Ex vivo stimulation of renal transport of the cytostatic drugs methotrexate, cisplatin, topotecan (Hycamtin) and raltitrexed (Tomudex) by dexamethasone, T3 and EGF in intact human and rat kidney tissue and in human renal cell carcinoma.

Abstract

Previous experiments have shown that both in vivo and in vitro pre-treatment with various hormones increases the renal transport capacity for weak organic acids, such as PAH, in rats. The aim of the present study was to test whether or not accumulation of the anticancer drugs methotrexate (MTX), cisplatin (CP), raltitrexed (Tomudex) and topotecan (Hycamtin) can be increased in intact, healthy rat and human renal cortical slices and in human renal cell carcinoma (RCC). Intact, healthy human tissue was obtained from tumour bearing kidneys of patients suffering from RCC. Experiments were intended as a new approach to overcome so-called multidrug resistance. Kidney tissue slices were incubated for 24 h in William's medium E containing various concentrations of dexamethasone, T(3), or EGF. Thereafter slices were placed in anticancer drug containing Cross-Taggart medium and the drug uptake into kidney tissue was measured for 2 h. In intact rat and human renal tissue slices, the uptake of p-aminohippurate (PAH = reference substance) increased significantly after incubation in dexamethasone containing medium (134% and 156%, respectively). There were no stimulating effects of either T(3) or EGF on PAH accumulation.

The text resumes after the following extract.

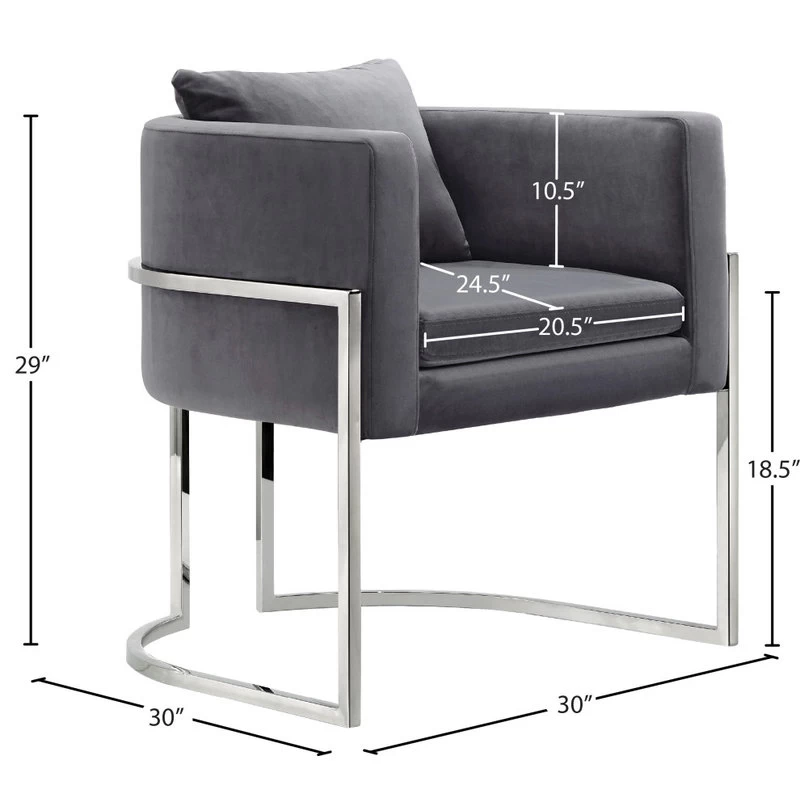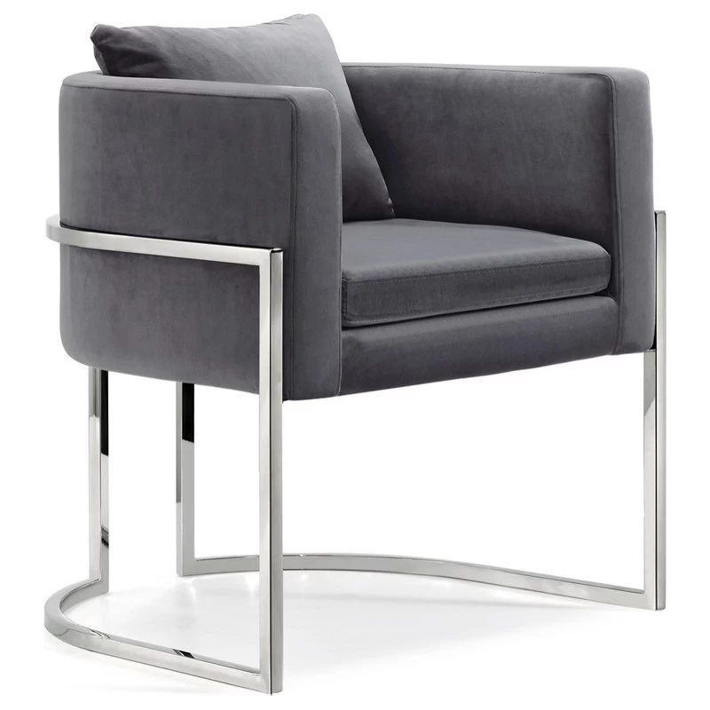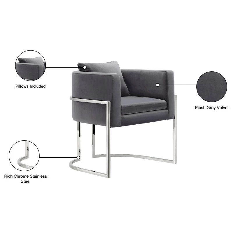 Elegant and eye-catching, the stunning Gray velvet Pippa Accent Chair from Meridian Furniture is the perfect addition to any space.Rich Chrome Stainless Steel Plush Gray Velvet Contemporary DesignLight Assembly: Simply Attach Base

On the other hand, only the accumulation of MTX, but not of CP, raltitrexed or topotecan, was significantly enhanced after hormone pre-treatment both in intact renal tissue and in RCC. A stimulation of renal PAH accumulation can be performed ex vivo, as reported previously, both in intact rat and human renal cortical slices and in RCC. Discrepancies between the effects of dexamethasone and T(3) or EGF indicate different modes of action of these substances at the cellular level. Unfortunately, with the exception of MTX, the uptake of anticancer drugs can not be stimulated effectively ex vivo in human RCC tissue by the substances used. Evidently the transport of these anticancer drugs out of the kidney cells is more effective than their uptake.